Entonces, justo en ese momento tuve una revelación como un relámpago atravesándome el cuerpo de arriba a abajo y supe exactamente cuáles eran los extremos armónicos del salto. Lo que tenía que hacer se iba dibujando como cuando atraviesas el páramo de La Negra viendo el paisaje aparecer por capas y volver a desaparecer, una capa tras otra, hasta que pasas el punto en que se han encontrado la neblina que sube y la neblina que desciende, y al disiparse los velos aparece de pronto la imagen completa con sus contornos definidos.
Puse a ronronear la máquina de hilar, saqué cálculos para probar mi idea.

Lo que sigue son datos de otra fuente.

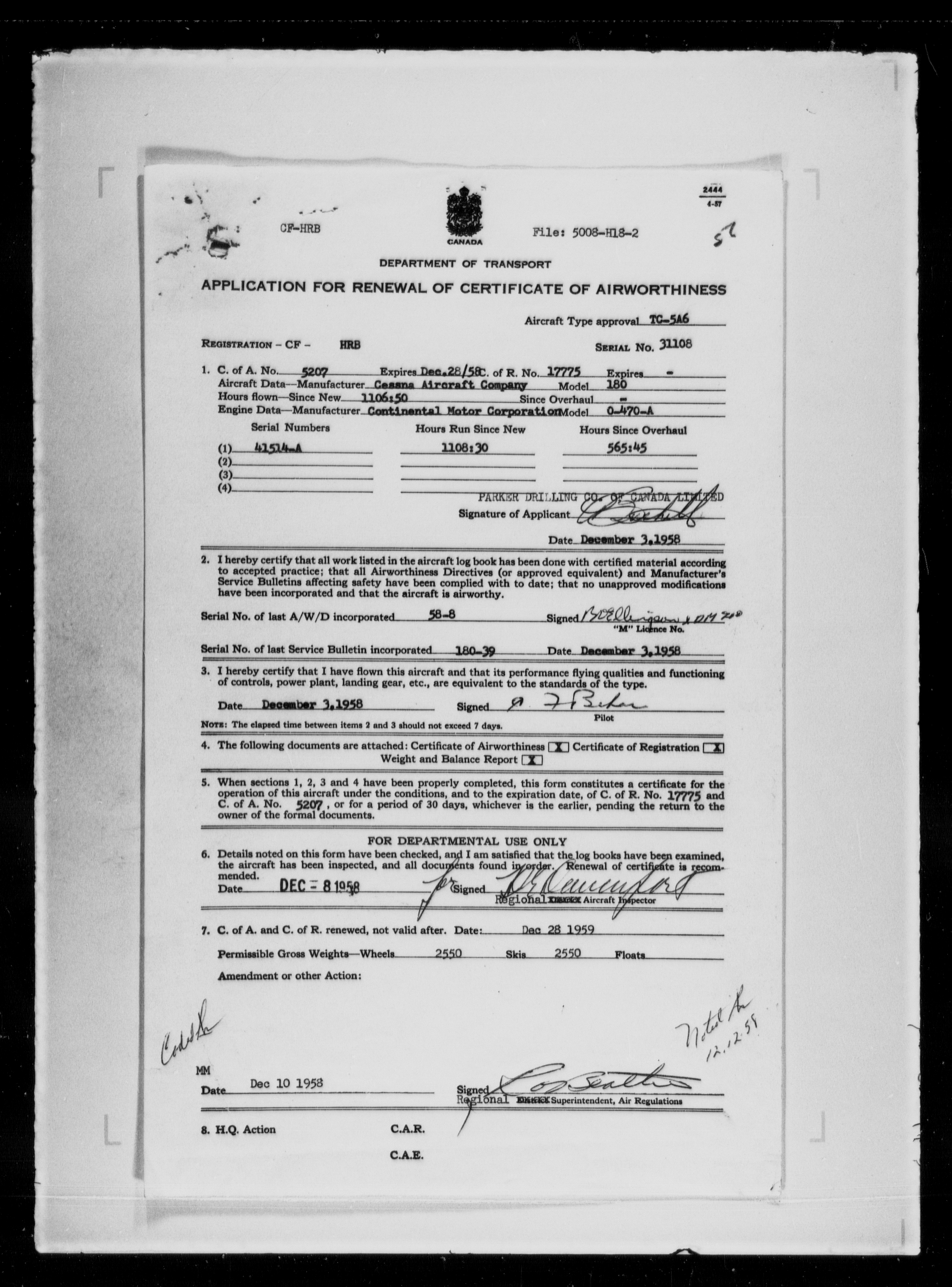 Department of Transport : Civil aircraft registration, inspection and operation files, block 5008, 1920-1986 (Cancelled Aircraft Registry Files, CF HJK to KLI) - 8006

Entré en la página de tránsitos cósmicos, revisé uno a uno cuáles planetas cumplían ciclos de órbitas completas, revisé las fases lunares y los pasos de los cometas en relación al fin del mundo. Los datos se iban sumando en mi cuaderno de notas, todos apuntaban hacia el instante en que la posición del sol en el cielo tendía a la mayor distancia angular negativa del ecuador celeste. Sin sorpresa, comprobé que coincidía con mi cumpleaños.
A la hora de la brisa de la tarde, estaban confirmados el lugar y momento apropiados al salto.
Me faltaban el modo, el combustible, la nave para el salto.
La fiebre del momento alado me tenía poseída. Volví al sobre como si fuera la solución al acertijo. No pesaba nada, pero algo había en su interior que se desplazaba leve, de un lado al otro, si movía el sobre como una barca. Un acertijo para solucionar otro acertijo, como un rebus, me pareció poéticamente acertado. Volví a mirar la caligrafía nítidamente escrita en tinta azul. Sonreí, todo era tan coherente. Hola, Natalia Polosmak, ya te encontré; ¿y ahora? Al trasluz no dejaba trasparentarse nada. Lo palpé minuciosamente por todos lados, encontré la minúscula marca en relieve. Era un círculo ligeramente achatado, con dos cachitos enroscados en espiral hacia arriba y dos hacia abajo. Reconocí la forma de uno de los tatuajes entre los dedos de la momia. Entonces me decidí y en un impulso lo abrí. Adentro había una hoja de papel doblada, y una llave. La hoja, una vez abierta, reveló una serie alfanumérica incomprensible, y debajo, la frase "Conduzco bastante bien". No sabía qué hacer con la secuencia de letras y números, así que me dediqué largo rato a darle vueltas a la frase, sin entender nada. ¿Conducir? En reflexivo podría aludir al sentido de portarse bien, pero no estaba en reflexivo. parecía referirse a manejar algún tipo de maquinaria. Tipeé sobre el teclado la frase y me aparecieron consejos para conducir bien, unos consejos para sobreponerse al miedo a conducir, varias novelas con títulos que leídos en orden, rezaban: Enciende una vela, inocente aventurera, para casi siempre. Me pareció buena señal, pero no resolvía la duda.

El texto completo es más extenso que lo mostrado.